There are lines in the wood on the bedside table. Just one small area with slight scratches in a circle, from the bottom of my tea cup. There’s another deeper and lighter scratch from Elsie pulling my mug across the tabletop right as I said oooh, don’t touch.
These lines are familiar now, a place to set my tea cup every night when I climb under the covers to read.
I notice that bigger and deeper scratch on the table sometimes. I think of Elsie. The way she climbs and pulls everything off of things and is so fearless and yes, defiant. I smile, even though it’s not easy sometimes, these days with a toddler so fierce. This girl is mighty and she will let you know with her roar. Then she’ll come close and put her head on your lap while softly saying aaahhhh. This is the only way she has to say she’s sorry for the outburst.

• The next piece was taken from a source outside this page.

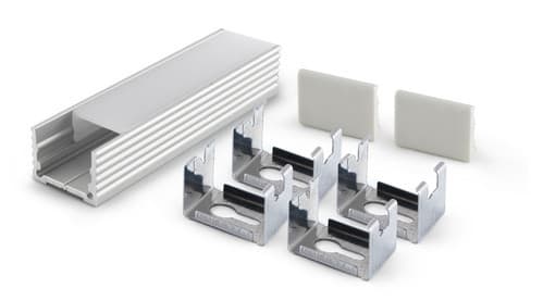 ** Caratteristiche generali ** Kit composto da: -n. 1 profilo di alluminio da 2m, -n. 1 copertura da 2m -n. 2 terminali di chiusura in plastica -n. 4 graffette di fissaggio ** Caratteristiche Elettriche ** Potenza dissipabile (35°C): 19W/m ** Caratteristiche Meccaniche ** Lunghezza profilo: 2m Larghezza: 18.4mm Larghezza interna: 12.4mm Altezza: 13mm Grado di protezione: IP20 Materiale corpo: Alluminio Colore corpo: Naturale Diffusore: Policarbonato opaco ** Attenzione ** La copertura in PMMA è più resistente alle temperature e ai raggi UV rispetto alla copertura in Policarbonato (PC). Il profilo illustrato è un componente. Il suo corretto funzionamento con nastri led o moduli led dipende da importanti requisiti di installazione e dimensionamento. La potenza dissipabile è stata calcolata considerando una temperatura ambiente non superiore a 35°C in aria. Condizioni di installazione differenti devono essere opportunamente verificate da personale tecnico. Utilizzare la copertura solo con nastri led IP20. Alpha Elettronica declina ogni responsabilità per danni o malfunzionamenti derivati da un uso inappropriato del profilo.
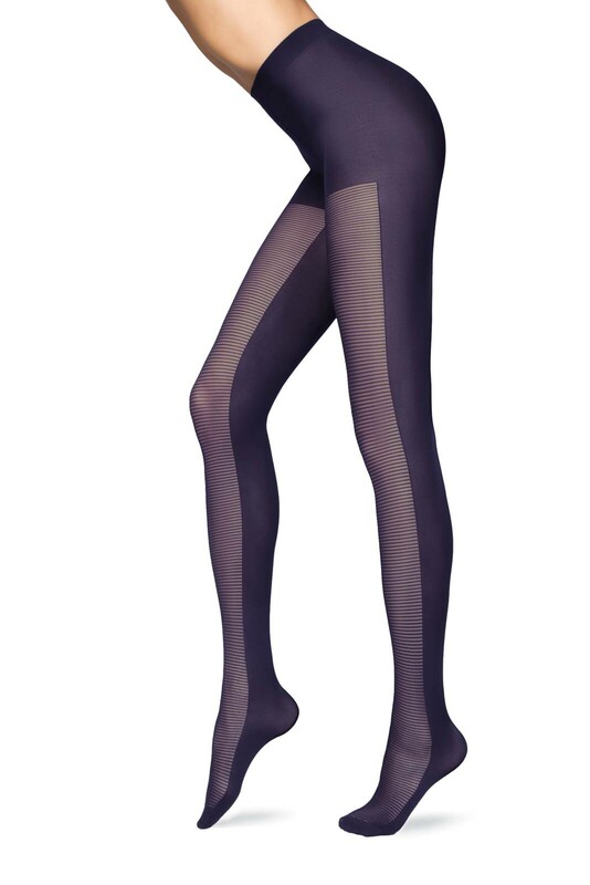 Плотные фантазийные колготки с рисунком "горизонтальные полоски" по передней части ноги, плоский шов, хлопковая ластовица.

She shouts when we’re in the car, saying a different version of aaah ah aaaah until we remember that all she wants is music. Loud.
Every night she chats non-words to herself for about an hour before falling asleep. She’s all done being nursed and then all done even being rocked for a few minutes before transitioning to her crib. There it is, suddenly, the end of the baby stage. She has thrown us all straight into the little girl days. Her Daddy and I are both a bit stunned, looking back and forward at once, heads shaking.

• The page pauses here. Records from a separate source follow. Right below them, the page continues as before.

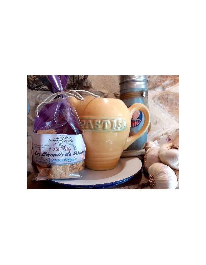 Nous vous proposons l'Apéro au pesto avec de l'ail , du parmesan et du basilic le tout avec le sel de Camargue bio , le sud et le plaisir à chaque bouchée , un sablé fait main , à déguster autour d'un apéritif avec des amis
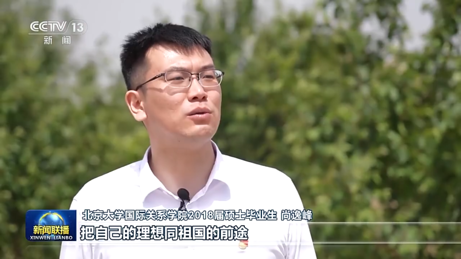 北京大学国际关系学院2018届硕士毕业生 尚逸峰:把自己的理想同祖国的前途,把自己的人生同民族的命运紧密联系在一起,总书记的教导给我明确指出了奋斗的方向。大学毕业后我选择去支教,然后就报名来到了基层,就是想把青春挥洒在祖国大地。
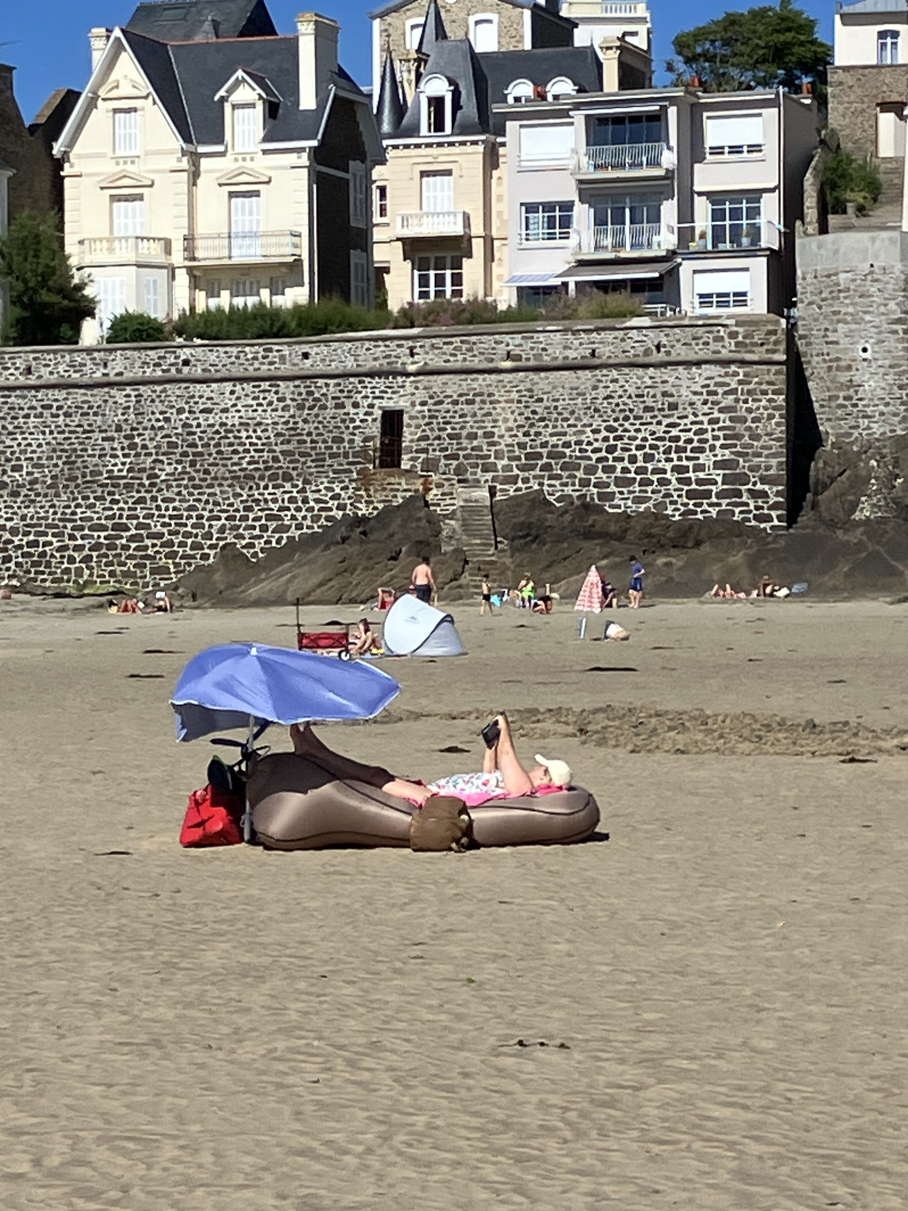 Il se gonfle grâce à vos petits poumons ou la pompe à pied ! Il est devenu le tapis volant des sables, le baldaquin des baigneurs. Le matelas gonflable est un classique de l’été. Il est transparent, à fleurs, pastel ou fluo. Pour éviter de vous mouiller dans l’eau froide de la côte d’Émeraude, il vous emmène sur les flots !

She still pulls the baby game of losing her pacifier on purpose, tossing it out of the crib and then calling Mama Mama Mama…then she laughs when I come through the door and I reach around in the dark, my hand brushing over too much wood floor under-the-crib dust until I bump the paci, snatch it up, pop it in and tell her no more.
Sometimes it happens again and again and then there’s stillness and quiet. I miss the nursing and the rocking.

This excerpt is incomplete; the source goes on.